What Is Cross-Encoder Reranking? Full Attention on Query and Document

By | SearchMinistry Media |

A cross-encoder is a neural relevance model that takes a query and document concatenated as a single input, applies full transformer attention across all tokens in both texts, and outputs a scalar relevance score. Cross-encoder reranking applies this model to a small candidate set retrieved by a faster first-stage system to reorder results with high precision.

How Cross-Encoders Score Relevance

Cross-encoders format input as [CLS] query [SEP] document [SEP]. Every query token attends to every document token across all transformer layers. This full attention enables the model to resolve paraphrase, negation, and specific term relationships that bi-encoders miss when compressing each text to a single vector. The [CLS] token's final representation passes through a linear head to produce the relevance score.
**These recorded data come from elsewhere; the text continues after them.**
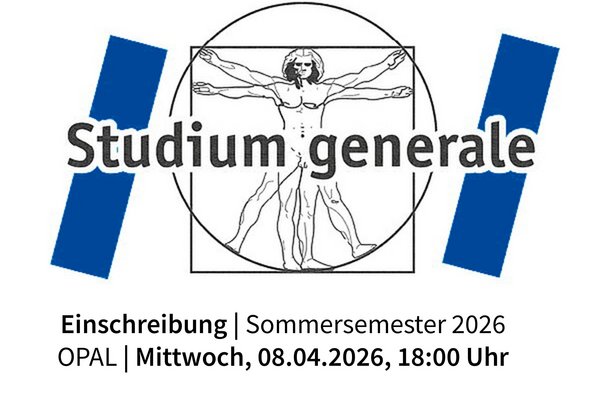from 01. April 2026 Einschreibung ins Studium generale ab 8. April Das Programm für das Studium generale im Sommersemester 2026 ist online – Einschreibung in die Kurse erfolgt am 08.04.2026 ab 18:00 Uhr more information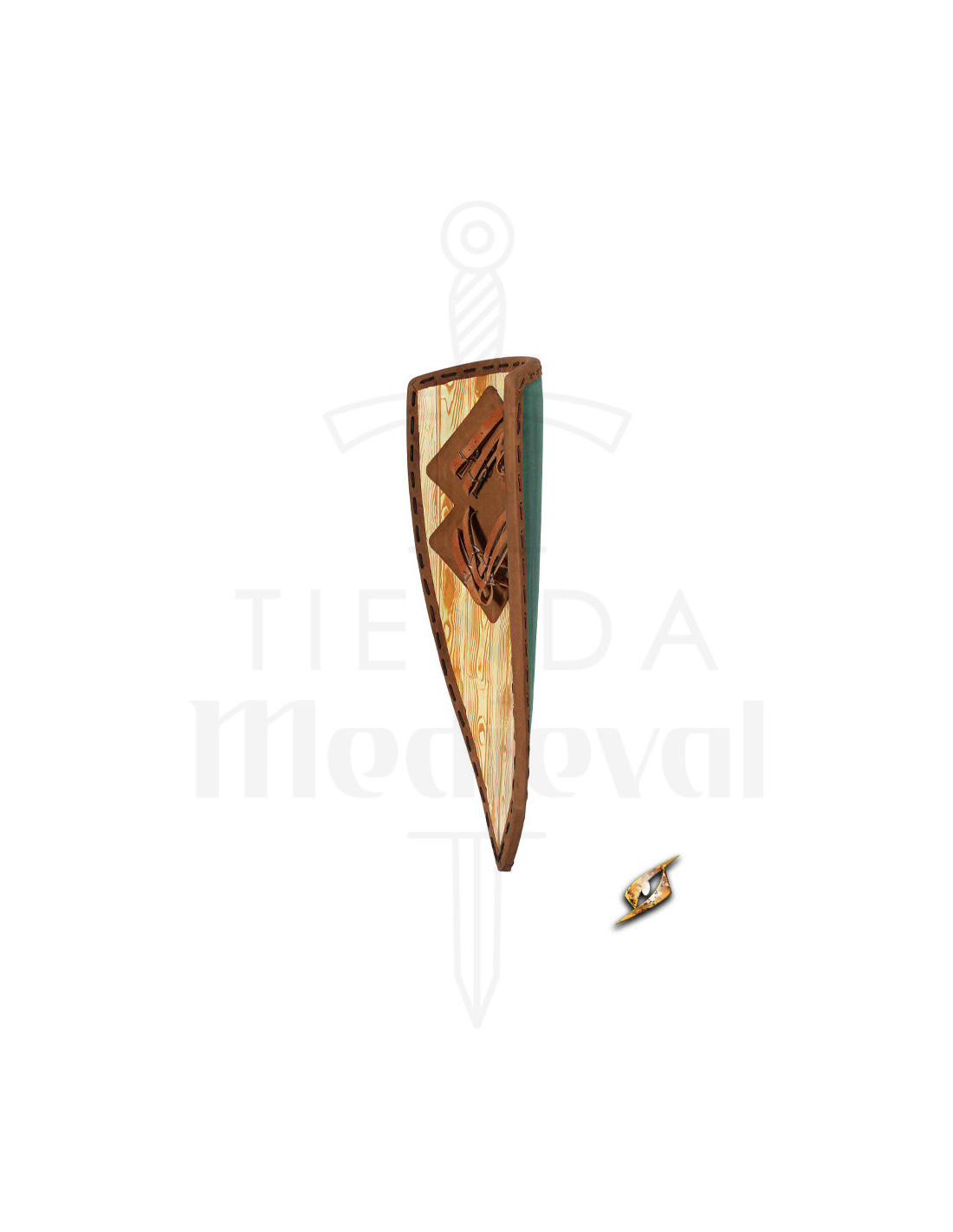 Com um design inspirado nos escudos de guerra do Alto Médioevo, sua estrutura em espuma EVA moldada e pintada à mão simula a aparência de madeira envelhecida, oferecendo um visual autêntico e resistente. A superfície texturizada, com acabamento fosco, proporciona um aspecto desgastado e realista, perfeito para acrescentar caráter ao seu traje.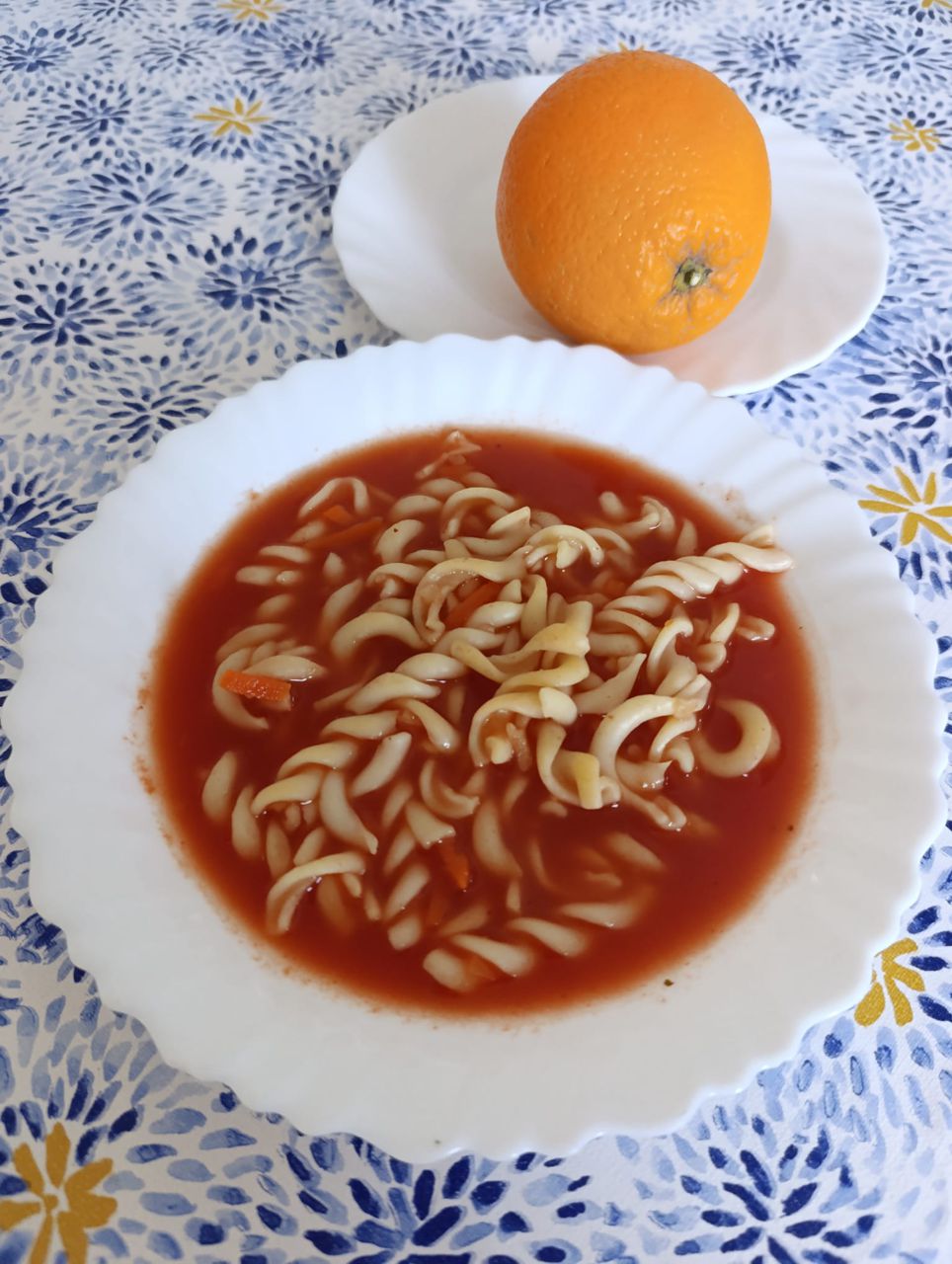 Pomidorowa zupa z makaronem 1,7,9  210ml /90g (180kcal) /ML. / 3./ 6.z makaronem pełnoziarnistym, zabielana śmietaną sojową8
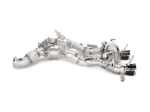 Il set di tubi di raccordo optional senza convertitori catalitici porta la 488 GTB a livelli ancora maggiori, dandole il massimo in prestazioni di suono e sportività. Gli ingegneri del suono di Akrapovič hanno ulteriormente incrementato la preparazione e sviluppato un suono molto simile a quello della 458 Italia, dandole una tonalità simile a quella di un motore aspirato V8. Costruiti con tubi di diametro più largo, è disegnato per ridurre al minimo la contropressione e tirare fuori il massimo dalla potenza del motore. Installando i tubi di raccordo optional, sia con che senza convertitori catalitici, è necessaria la rimappatura della centralina.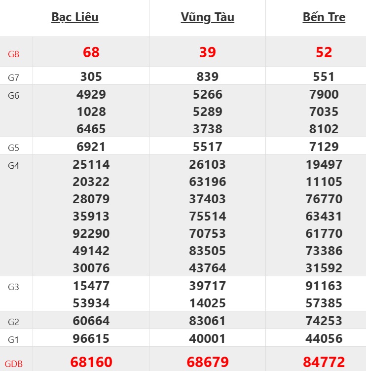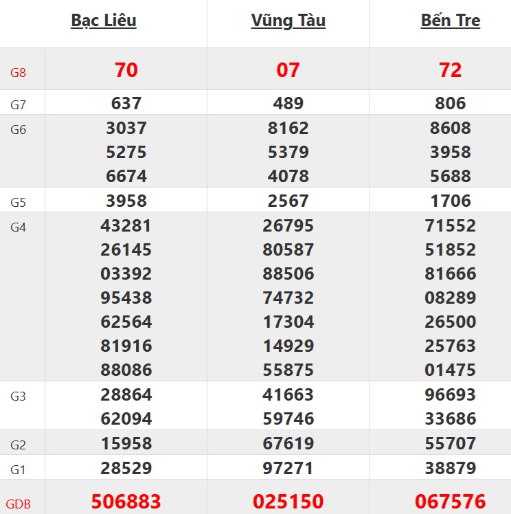 Dự đoán XSMN Thứ ba ngày 07/10/2025, 3 đài: Bạc Liêu, Vũng Tàu, Bến Tre

Two-Stage Retrieval Architecture

Cross-encoder reranking is deployed in a two-stage pipeline. Stage one uses a fast first-stage retriever (bi-encoder ANN, BM25, or hybrid RRF) to retrieve 50-200 candidate documents with high recall. Stage two runs the cross-encoder over all candidates to reorder them by precise relevance scores. Only the top 5-20 from the reranked list are passed to the language model for answer generation.

SEO Implications

Cross-encoder reranking rewards direct answer presence. A document containing the exact answer in clear prose scores higher than one containing related information requiring inference. Answer-first writing, precise terminology, and focused passage content improve cross-encoder scores. Content that survives the reranking stage is what appears in AI-generated answers. Optimising for the reranker means producing content that answers the question directly and unambiguously within a single retrievable chunk.